“I was hoping I could persuade you. A leading comrade in the city government suggested I talk to you today.”
“I’ll pay close attention to the case in whatever way possible,” Chen said, meaning it as a face-saving comment for Zhong. He did not want Zhong to talk about the “leading comrade,” whoever he might be.
“That’s great. I’ll have the case file sent to you,” Zhong said, taking the comment as a concession from the chief inspector.
Afterward, Chen thought in frustration that he should have said no unequivocally.
After hanging up with Zhong, Chen realized he needed to find out as much as he could about the West-Nine-Block case. He immediately started making phone calls, and his gut feeling that this was an investigation to avoid proved to be right.
Peng Liangxin, the real estate developer, had started out as a dumpling peddler, but he displayed extraordinary expertise in building a connection network. He knew when and where to push red envelopes of money into the hands of the Party officials. In return, the Party had helped him push himself into a billionaire in only four or five years. He acquired the West-Nine-Block land with numerous bribes and a business plan for improving conditions for the residents there. Then, with the government document granting him the land, he obtained the necessary bank loans to build the development without having to spend a single penny of his own. He bullied the residents out with little or no compensation. The few resisting families he called “nail families,” and he pulled them out forcibly, like nails, by hiring a group of Triad thugs. Several residents were badly beaten in a so-called “demolition campaign.” What’s more, instead of allowing the original residents to move back in as promised in his development proposal, he started selling the new apartments at a much higher price to buyers from Taiwan and Hong Kong. When people protested, he again enlisted the help of the local Triad, as well as that of the government officials. Several residents were jailed as troublemakers interfering with the development plan of the city. But as more and more people joined the protest, the government felt compelled to step in.
According to one source, Peng got into trouble more or less because of his nickname. There were many rich people in the city, some possibly even richer, but they managed to keep a low profile. Suffering from a swollen head due to his incredibly fast success, he delighted in people calling him the Number One Big Buck in Shanghai. As the gap between the rich and the poor increased, people voiced their frustration with the widespread corruption, and with Peng as a representative of it. As a Chinese proverb says, a bird reaching out its head will be shot.
The situation grew more complicated when the prominent attorney Jia Ming chose to speak for the residents.
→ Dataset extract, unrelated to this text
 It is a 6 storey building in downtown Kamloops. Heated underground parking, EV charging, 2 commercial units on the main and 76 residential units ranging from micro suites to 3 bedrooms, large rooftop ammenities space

With his legal expertise, Jia soon uncovered more abuses in the fraudulent business operation, in which not just Peng but also his government associates were deeply involved. The case started to be widely reported, and the city government began to worry about it getting out of control. Peng was put into custody, and an open and fair trial was promised soon.
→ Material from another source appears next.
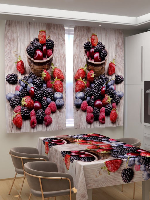 Фотошторы для кухни Ассорти Шторы (Габардин)+Скатерть (145*145)

Chen frowned, picking up another fax page from his machine. The new fax claimed that Internal Security agents had been investigating Jia in secret. If they could find a way to get Jia in trouble, the corruption case would fall apart, but their efforts met with no success.
Chen crumbled the page into a ball and considered himself lucky for having come up with an excuse. At least he could still say he made no commitment because of the special MA program.
And an opportunity did present itself in the special program designed for rising Party cadres, who were supposedly too busy with more important work and were thus allowed to obtain a higher degree in a much shorter period of time.
There was also something else in it for Chen. By all appearances, he had been sailing smoothly in his career. He was one of the youngest chief inspectors on the force and the most likely candidate to succeed Party Secretary Li Guohua as the number one Party official at the Shanghai Police Bureau. Still, such a career had not been his choice, not back in his college years. In spite of his success as a police officer—no less surprising to himself than to others—and despite having several “politically important cases” to his credit, he felt increasingly frustrated with his job. A number of the cases had had results contrary to a cop’s expectations.
Confucius says,
There are things a man will do, and things a man will not do
. Only there was no easy guideline for him in such a transitional, topsy-turvy age. The program might enable him, he reflected, to think from a different perspective.
So that morning he decided to visit Professor Bian Longhua of Shanghai University. The program had been an improvised excuse in his talk with Zhong, but it did not have to be so.
On the way there, he bought a
Jinhua
ham wrapped in the special
tung
paper, following a tradition as early as Confucius’s time. The sage would not have taken money from his students, but he showed no objection to their gifts, such as hams and chickens. Only the ham proved to be too cumbersome for Chen to carry onto a bus, so he was obliged to call for a bureau car. Waiting in the ham store, he made several more phone calls about the housing development case, and the calls made him even more determined to avoid getting involved.
Little Zhou drove up sooner than Chen expected. A bureau driver who declared himself “Chief Inspector Chen’s man,” Little Zhou would spread the news of Chen’s visit to Bian around. It might be just as well, Chen thought, beginning to mentally rehearse his talk with the professor.
Bian lived in a three-bedroom apartment in a new complex. It was an expensive location, unusual for an intellectual. Bian himself opened the door for Chen. A medium-built man in his mid-seventies, with silver hair shining against a ruddy complexion, Bian looked quite spirited for his age, and for his life experience. A young “rightist” in the fifties, a middle-aged “historical counterrevolutionary” during the Cultural Revolution, and an old “intellectual model” in the nineties, Bian had clung to his literature studies like a life vest all those years.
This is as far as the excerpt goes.